(What is required):
Take the lines from the beginning of the material through the line containing "Indicatielampje glansspoelmiddel. Dit" and retype them exactly, leaving the pictures out.

(Collected data):
:::

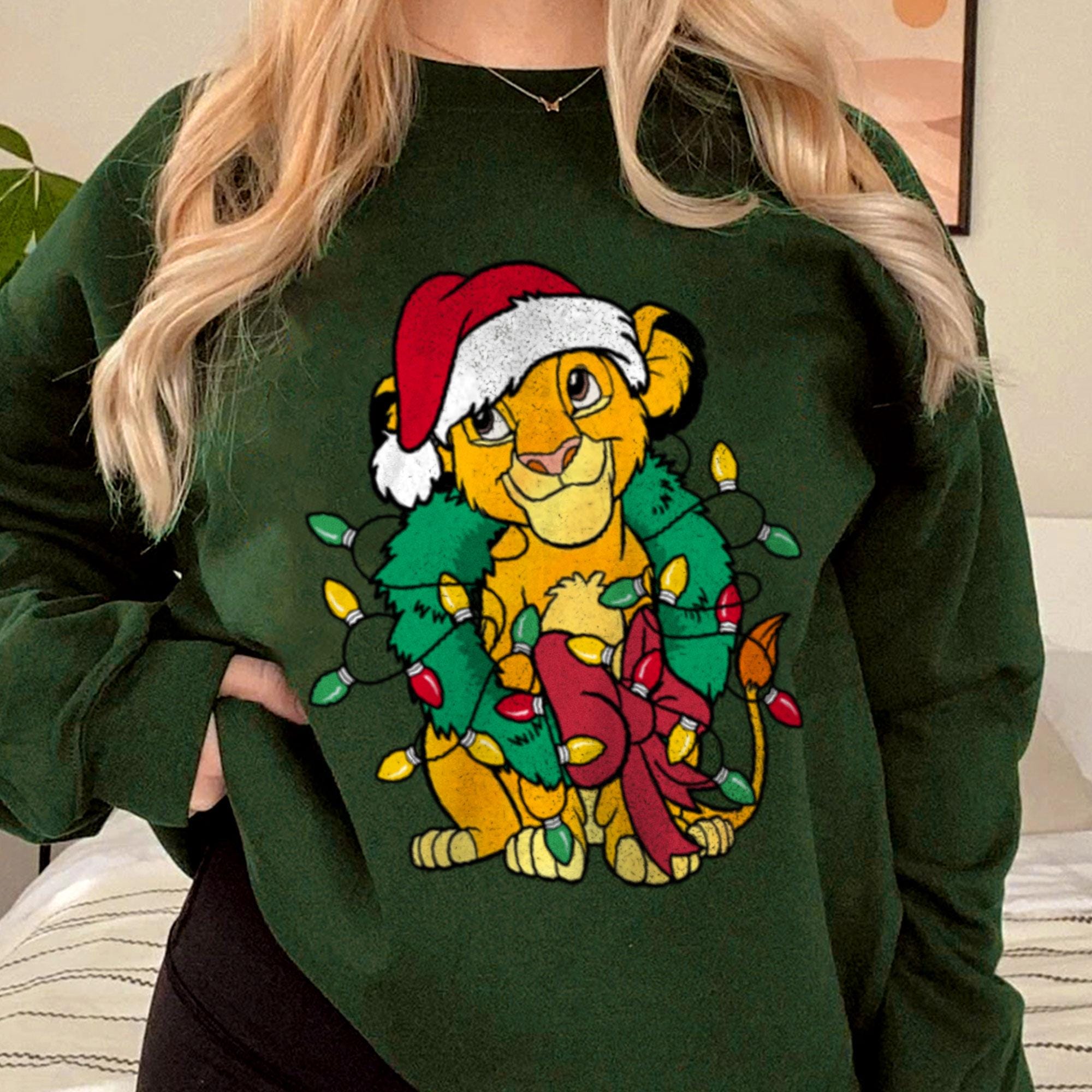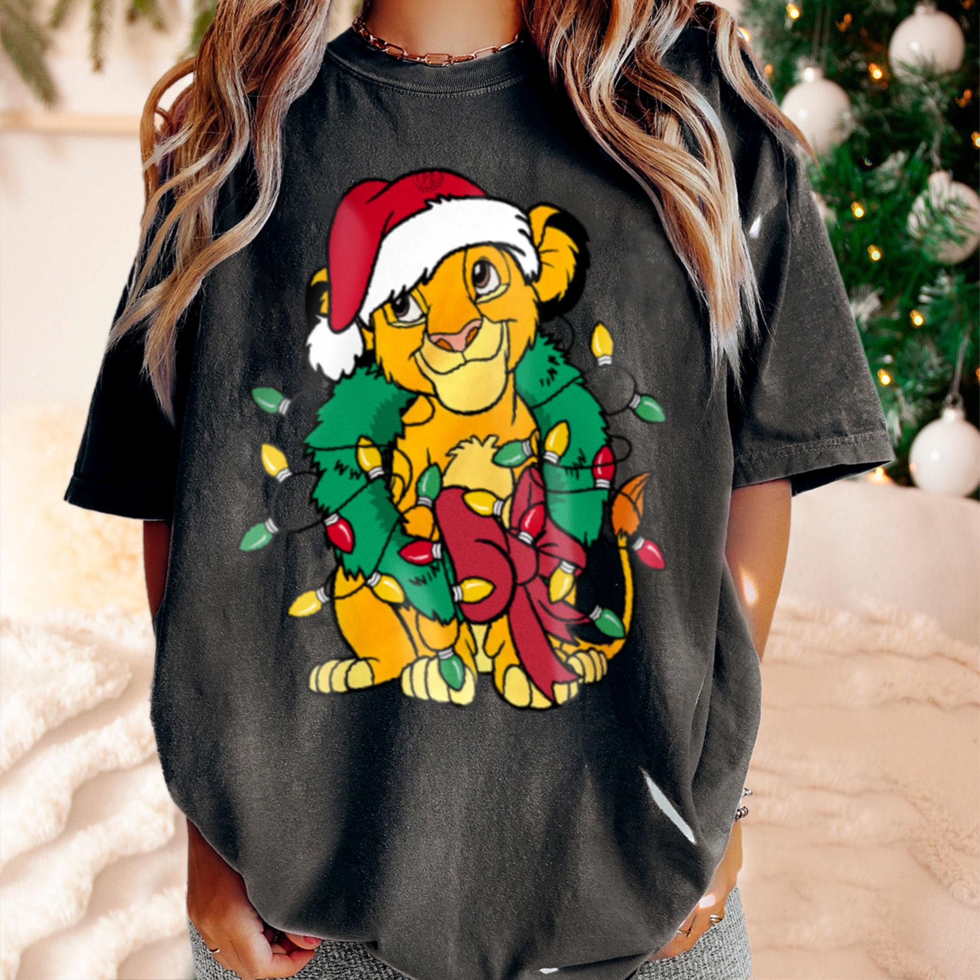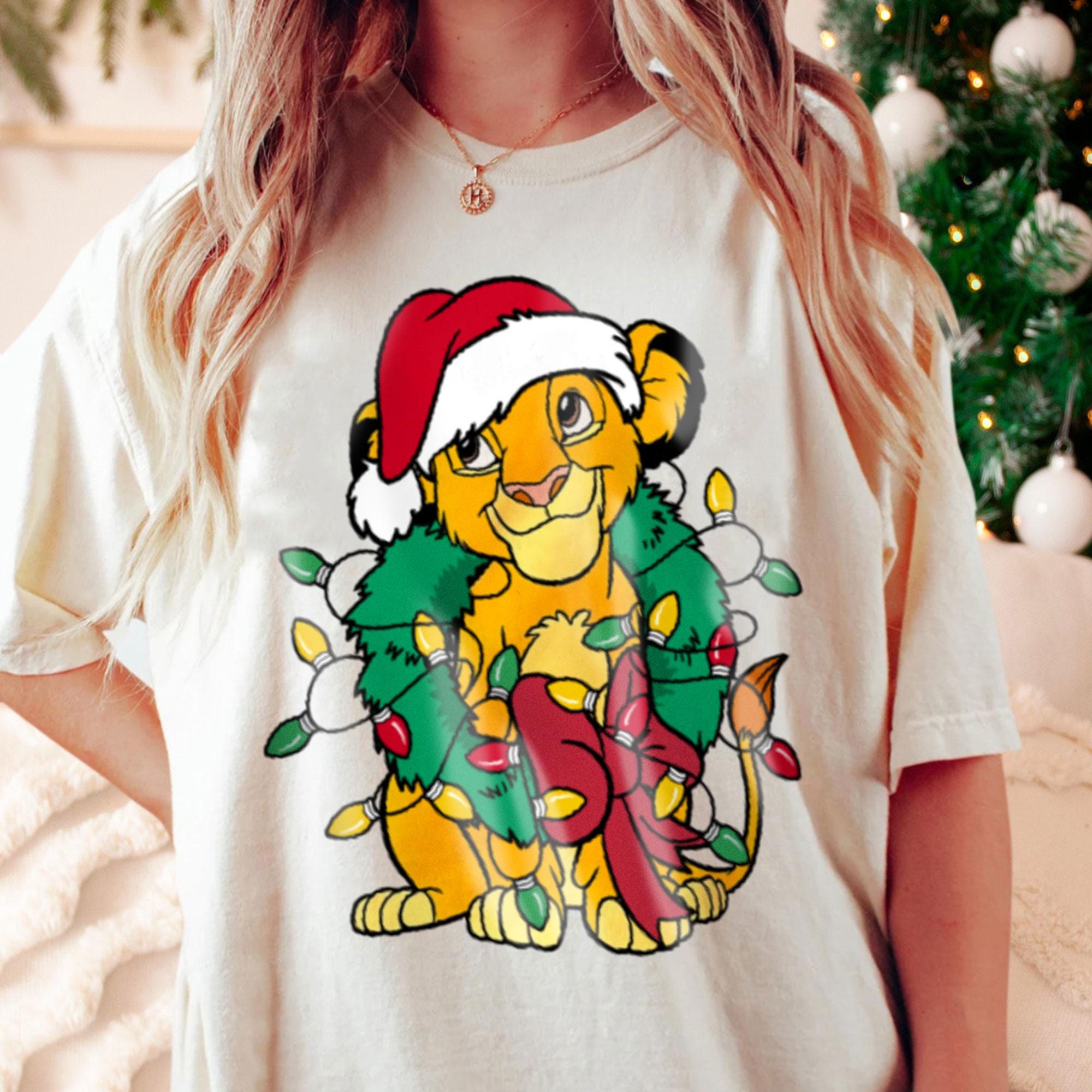 Simba Lion Santa Hug Wreath Very Merry Christmas Party Comfort Color Shirt, X-mas Retro T-Shirt, Disneyland Vacation Trip Family Gift 2024
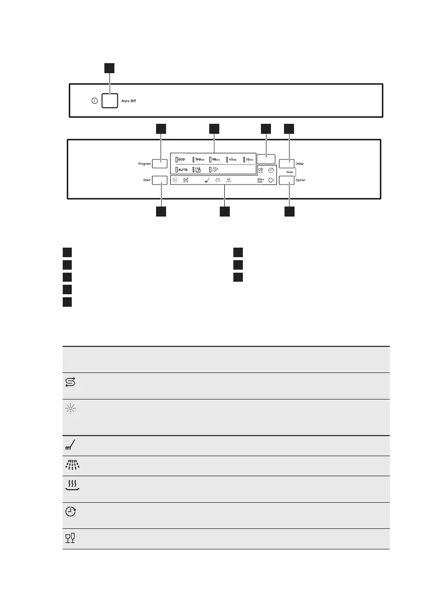 Indicatielampje glansspoelmiddel. Dit is aan als het glansspoelmiddeldo‐
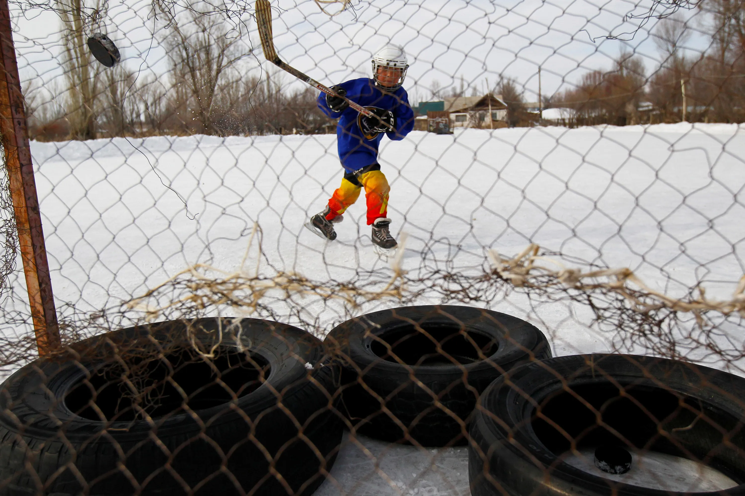 A young hockey player practices his putting during a training session in the village of Otradnoye, Kyrgyzstan on February 4, 2020. (Photo by Vladimir Pirogov/Reuters)

:::

(Final answer):
 Simba Lion Santa Hug Wreath Very Merry Christmas Party Comfort Color Shirt, X-mas Retro T-Shirt, Disneyland Vacation Trip Family Gift 2024
 Indicatielampje glansspoelmiddel. Dit is aan als het glansspoelmiddeldo‐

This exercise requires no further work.